Fe2+ + MnO-4 --> Fe3+ + Mn2+
Fe2+ = +2
Mn = +7
O-4 = 4(-2) = -8
Fe3+ = 3+
Mn2+ = 2+
ok so next I gave 8H to MnO-4 and 4 H20 to Mn2+
Next I starting adding my electrons. 1e- to Fe3+. I understand that.
This is where Im lost according to my book I give 5e- to the reactant side.
Can you explain why it gets 5e-
The simple answer is that Mn changed frm +7 to +2 so it must have gained 5e.
MnO4^- + 8H^+ + 5e ==> Mn^2+ + 4H2O
In the given chemical equation, the redox reaction involves the transfer of electrons between Fe2+ and MnO-4. To balance the charges, you need to make sure that the total charge on both sides of the equation is equal.
Fe2+ has a charge of +2, and it is being oxidized to Fe3+ with a charge of +3. Therefore, to balance the charge, 1 electron (e-) is added to the product side:
Fe2+ -> Fe3+ + 1e-
Now, let's consider the MnO-4 ion.

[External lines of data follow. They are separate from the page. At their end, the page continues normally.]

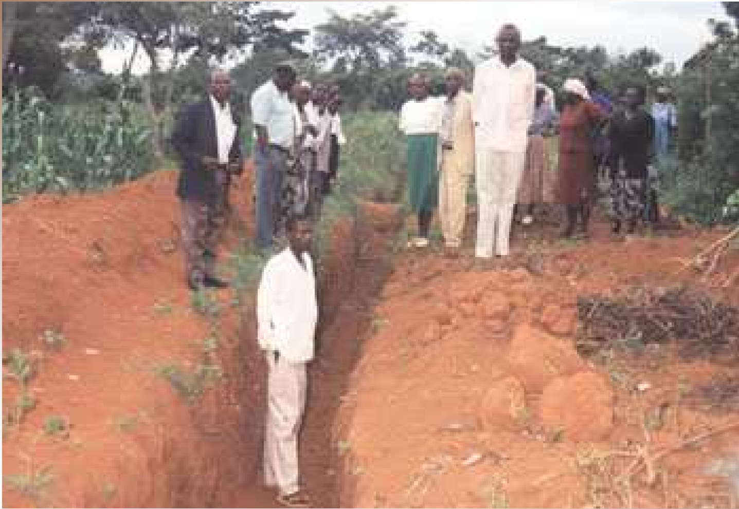
Soil Conservation efforts in Nyanza CCS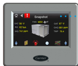
Equipment Snapshot Screen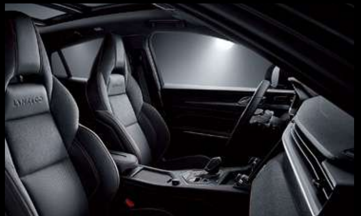
Integrated Sporty Premium Seats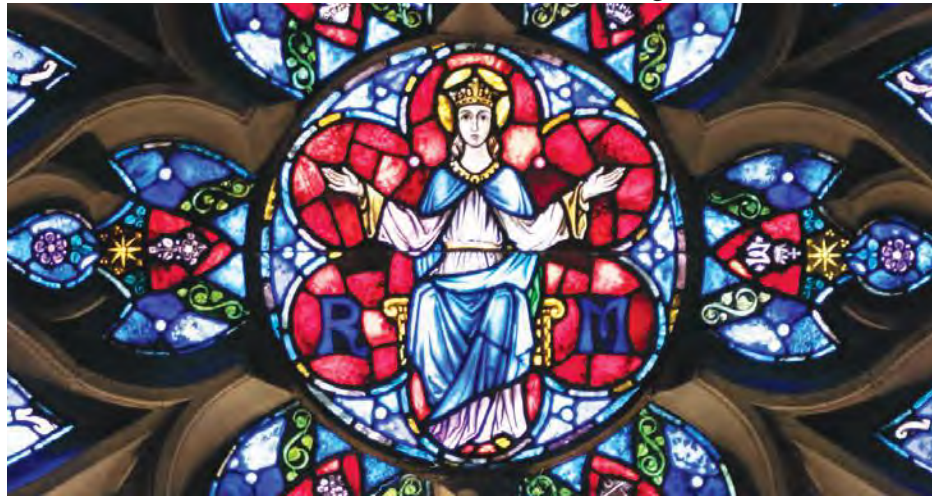
Mary, Queen of Martyrs.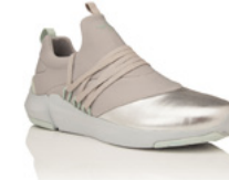
VAPOR SILVER ICE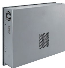
▲ Back view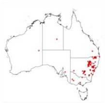
Acacia cultriformis occurrence map. Occurrence map generated via Atlas of Living Australia ( https://www.ala.org.au ).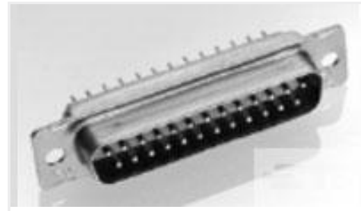
TE Part #1757820-1 AMPLIMITE,ASY,RCPT,STD,109,ZN,1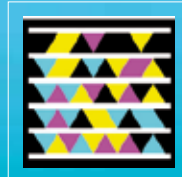
Use your smartphone to learn more about the Minesto

Minesto uses CATIA to design innovative tidal energy solutions. The flexibility and rapidity with which it can create its designs enables Minesto to show potential customers design variations based on their requirements. Compared to its previous CAD system, model size is no longer a problem, allowing Minesto to work on complex models and assemblies of its products.

It has a charge of -1, while the Mn2+ ion has a charge of +2. To balance the charge, you need to add 3 electrons (3e-) to the reactant side:
MnO-4 + 3e- -> Mn2+
By adding 3 electrons to the reactant side, you achieve charge balance. However, to ensure that the number of electrons lost in the oxidation half-reaction is equal to the number gained in the reduction half-reaction, you need to multiply the whole equation by a suitable factor.
In this case, the factor is chosen so that the total number of electrons on both sides is the same. Since 3 electrons were added to the reactant side, you need to multiply the whole equation by 5 to have the same number of electrons on both sides:
5Fe2+ + MnO-4 + 8H+ -> 5Fe3+ + Mn2+ + 4H2O
By multiplying the equation by 5, the total number of electrons transferred on both sides is balanced, which is crucial for maintaining the overall charge neutrality of the reaction.